Ensure that your environment meets the requirements for knowledge bases before proceeding.

About this task

Knowledge bases have two data integration modalities - public mode and Enterprise mode.

Public mode

A knowledge base can be used without integrating data sources from your organization. In this case, an application integrated with the knowledge base will only provide results from publicly available information on the internet. This is known as a public mode integration.

Enterprise mode

In most cases you'll want to integrate data sources from your organization into the knowledge base. This is known as an Enterprise mode integration because it provides knowledge from your enterprise.

Data sources from your organization may contain Personally Identifiable Information (PII). To safeguard this sensitive information, you can enable data guardrails when creating and configuring knowledge bases. Data guardrails, powered by NetApp Data Classification, identifies and masks PII, making it inaccessible and irretrievable.

Note NetApp Workload Factory for GenAI does not mask sensitive personal information (SPii). Refer to types of sensitive personal data for more information about this type of data.
Note Data guardrails can be enabled or disabled at any time. If you switch data guardrails enablement, Workload Factory scans the entire knowledge base from scratch, which incurs a cost.

Create and configure the knowledge base

The knowledge base defines characteristics such as the Bedrock AI models and embedding format that you want to use to create your knowledge base.

Steps
  1. Log in to Workload Factory using one of the console experiences.

  2. In the AI workloads tile, select Deploy & manage.

  3. From the Knowledge bases & Connectors menu, select the Create New dropdown and choose NetApp GenAI knowledge base for Bedrock.

  4. On the Create NetApp GenAI knowledge base page, configure the knowledge base settings:

Knowledge base details
  1. Name: Enter the name you want to use for the knowledge base.

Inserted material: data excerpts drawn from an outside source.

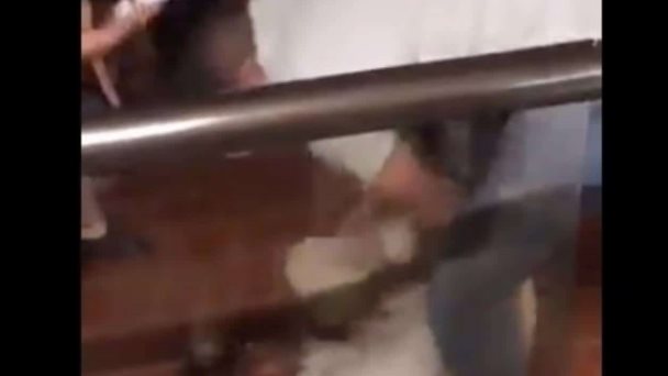 En las imágenes se percibe cómo un sujeto vestido con una playera blanca, pantalón de mezclilla y calzado negro golpea a un hombre de pantalón caqui, todo frente a un policía.
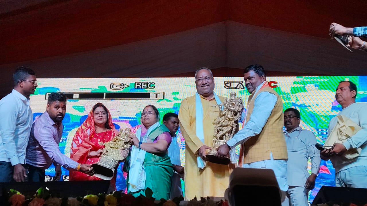 *”द्वाबा महोत्सव-2025″* के शुभारंभ अवसर पर नगर पंचायत अध्यक्ष हैंसर रिंकूमणि व अध्यक्ष प्रतिनिधि नीलमणि द्वारा मंत्री जी को भगवान श्री कृष्ण जी की प्रतिमा व अंगवस्त्र भेंट कर सम्मानित किया गया।
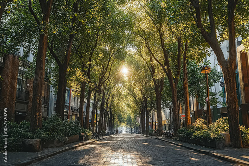 Naklejka premium Street with a row of trees and cars parked on the side. The street is empty and the trees are green
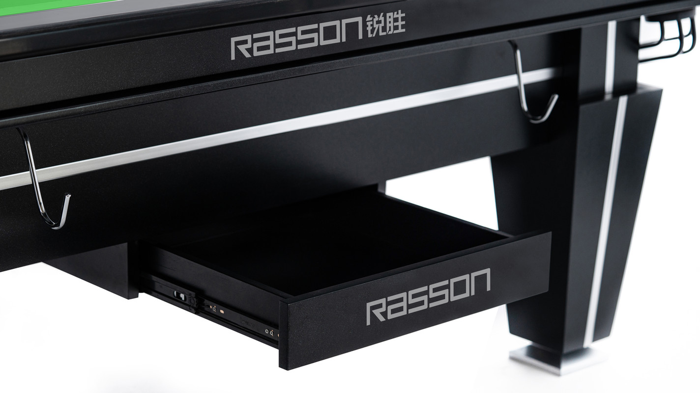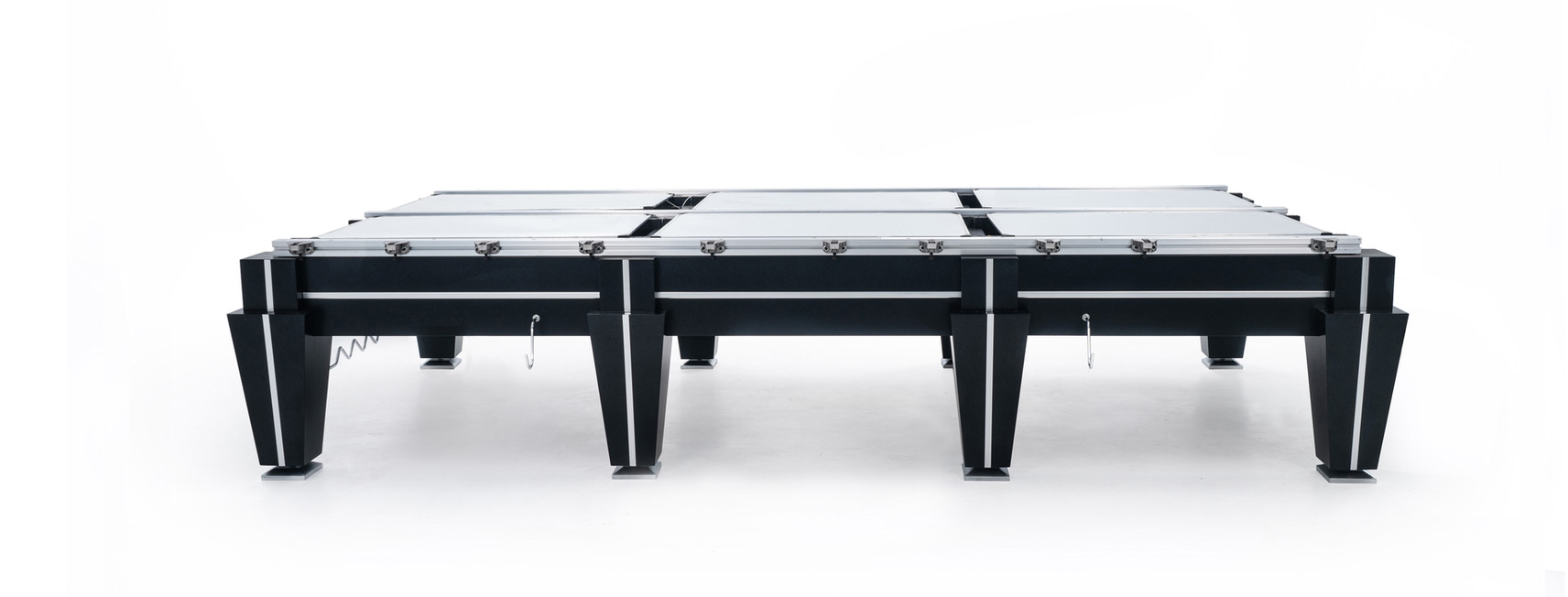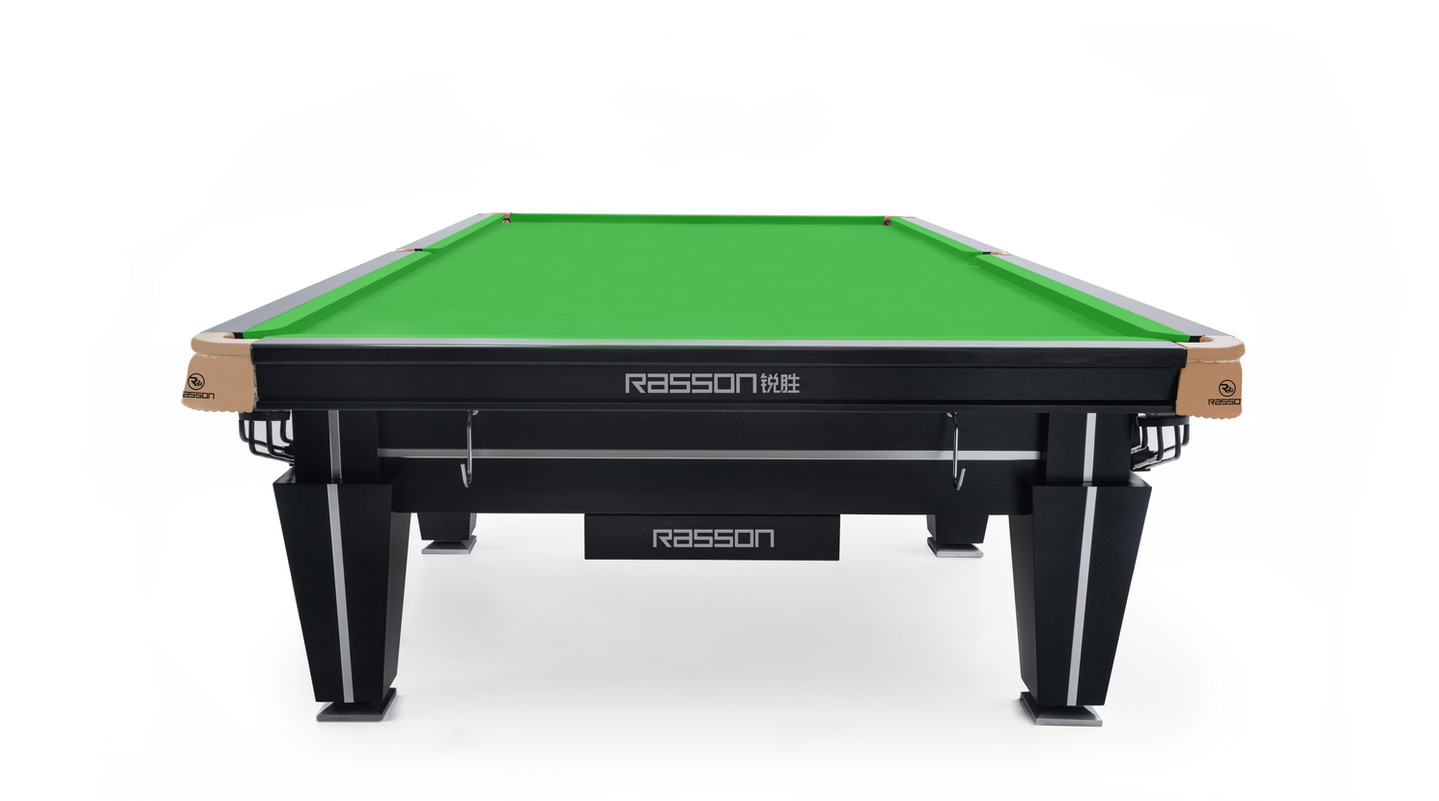Der Tisch verfügt über fünf präzise zugeschnittene Schieferplatten aus 45 mm starkem Premium-RASSON-Schiefer. Jeder einzelne Abschnitt wird geschliffen und auf eine Ebenheitstoleranz von weniger als 0,2 mm kalibriert, für absolute Präzision und gleichbleibende Spielqualität.
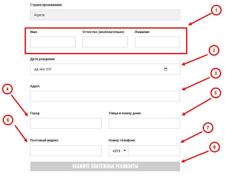 Откроется форма, где нужно указать личные данные инвестора – имя, фамилию, отчество, дата рождения, адрес проживания (город, улица и номер дома, почтовый индекс), а также номер телефона. Затем нажмите на кнопку “Укажите платежные реквизиты”.
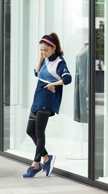 ZBELLEのカラーに合わせてネイビーでまとめたスタイリッシュなランニングコーディネートです。ネイビーベースのトップスとボトムスは、スウェーデンのコスメブランド「FACE STOCKHOLM(フェイス ストックホルム)とのコラボレーション商品です。コスメのカラーを意識したカラーリングやタイツの右足に描かれた大きなデルタマークがコーディネートのポイントです。
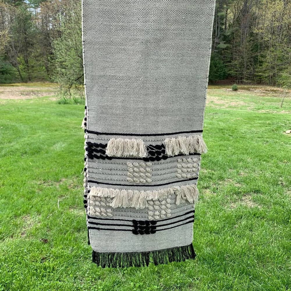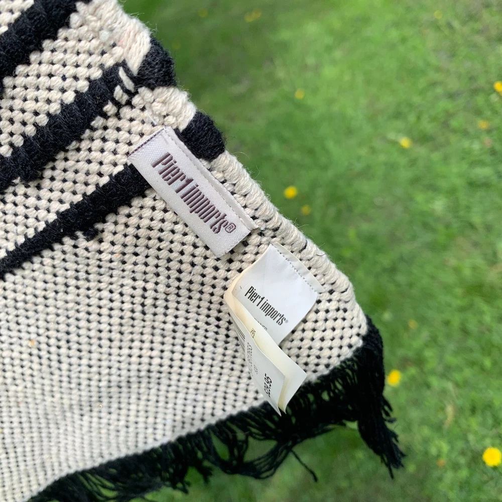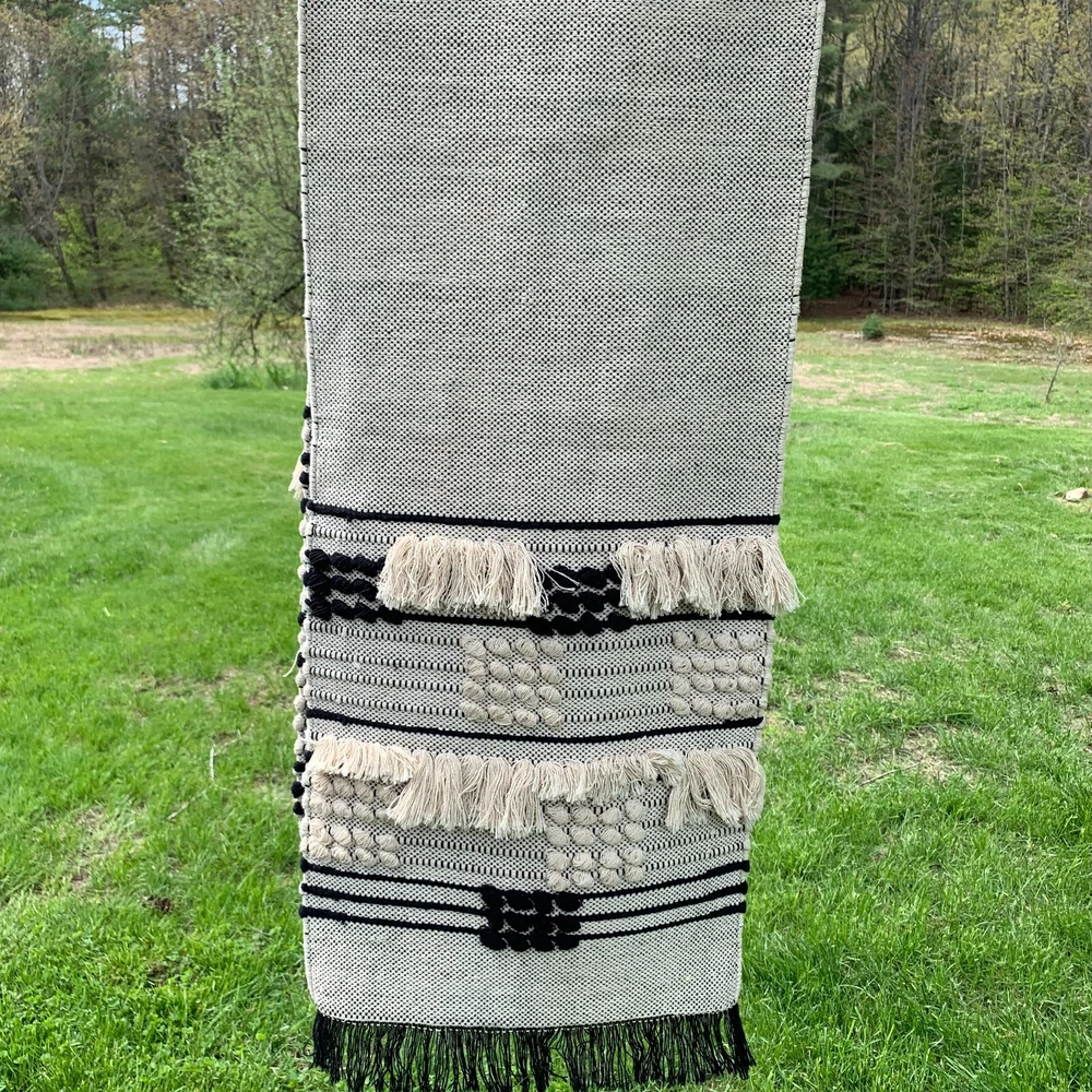 New with price tag still attached Pier 1 Imports table runner. Measures 72” by 13” in black and white with fringe and detailed weavings on each end. Excellent condition no issues. A lovely gift, too. Sale supports Vermont’s Puppetree. Thank you & please check our Support Store.

  2. Description: Enter a detailed description for the knowledge base.

  3. Bedrock: Choose the region where Amazon Bedrock is available for your AWS account.

Ingestion
  1. Embedding model:

    • Choose an embedding model to use for the knowledge base. The embedding model defines how your data will be converted into vector embeddings for the knowledge base. Workload Factory supports the following models:

    • Titan Embeddings G1 - Text

    • Titan Embedding Text v2

    • Titan Multimodal Embeddings G1

    • Embed English

    • Embed Multilingual

      Note that you must have already enabled the embedding model from Amazon Bedrock.

    • If applicable, select the inference type that matches the configuration of the selected embedding model.

  2. Data guardrails: Choose whether you want to enable or disable data guardrails. Learn about data guardrails, powered by NetApp Data Classification.

    The following prerequisites must be met to enable data guardrails.

    Note The data guardrails feature is not supported when ingesting structured data files such as CSV, JSON, JSONP, or Parquet.
Chat and Retrieval settings
  1. Chat model:

    • Choose from various chat models that are integrated in Amazon Bedrock. Note that you must have already enabled the chat model from Amazon Bedrock.

    • If applicable, select the inference type that matches the configuration of the selected model.

  2. Chat settings:

    • Choose a temperature for the chatbot to configure the randomness and creativity of responses. A lower temperature results in more predictable responses, and a higher temperature results in more varied responses.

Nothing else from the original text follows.